Knowing who your customers are—not just on a superficial level, but also on a deeper level—is fundamental for business longevity. It can help your business with most any targeted marketing efforts such as social media marketing (communities with like-minded interests), direct mail and email list selection, copywriting, media buying, affiliate marketing and more. It can also help with bottom-line goals such as bonding, lead generation and sales.
For many years, I’ve found the best way to KTC is implementing periodic customer surveys, then creating a “customer profile” sheet. Ideally, you want to survey at least two times per year, especially after large attrition or list growth.
The profile sheet is important, as it’s a quick reference of your “Joe and Jane” customers, as well as your ideal ‘target’ lead. After all, your prospecting efforts should be a reflection of your current customer base.
But surprisingly enough, not every business knows how to effectively implement and data-mine its online surveys and the respective results.

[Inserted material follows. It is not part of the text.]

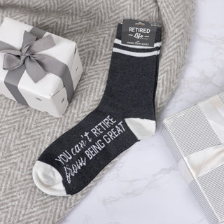 - IN-HOUSE DESIGN: The crew socks have a white ankle, toe & heel with a gray body and a white "You Can't Retire From Being Great" sentiment on the outer lateral of the boot socks. The top of the crew socks have two stripes.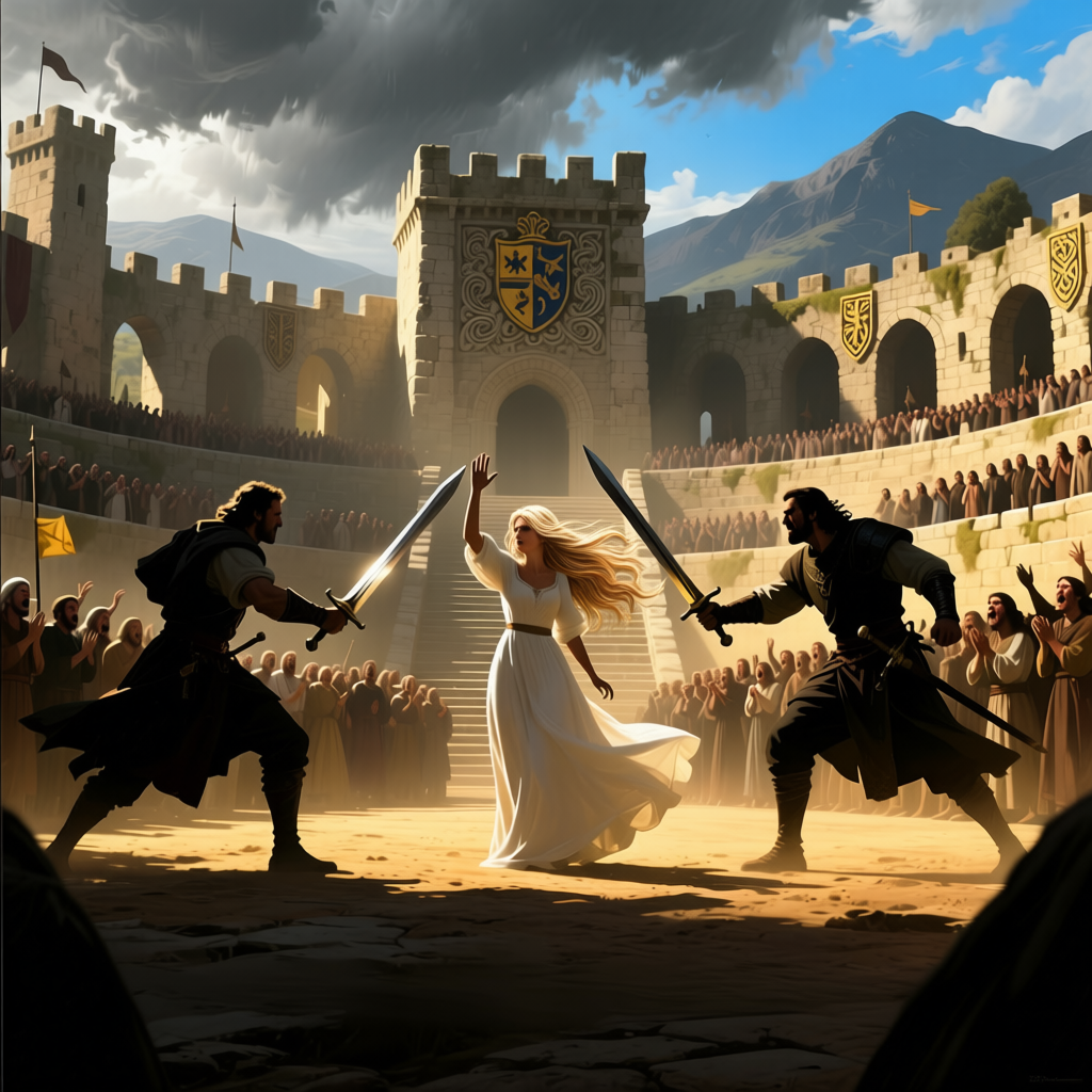 Эллен стояла в толпе служанок, закутавшись в простой плащ. Ее лицо было бледным, но слез не было. Она прошла через слишком много, чтобы позволить страху парализовать себя. Ночью она приняла решение. Если Аларик будет проигрывать, она вмешается. Последствия ее не волновали. Она не могла потерять его.

Here are some quick tips to get the best performance from your customer surveys for business growth and retention:
1. Keep surveys easy and short. The ideal length should be no longer than 10 to 20 questions and questions should be easy to answer. That means thinking of typical questions and having pre-populated multiple choice answers that only need a mouse click.
2. Go 360. Questions should cover demographics, geographics and psychographics. Also, for potential joint venture or advertising opportunities, it’s smart to also ask some competitor and purchase-behavioral type questions.
3. Segmentation is key. Send at least two separate emails to your list. One survey to paying customers and one survey to non-paying customers (leads). It will help later to have these two segments separated when you review response results. If one segment is less responsive than another, you can isolate future “bonding” strategies.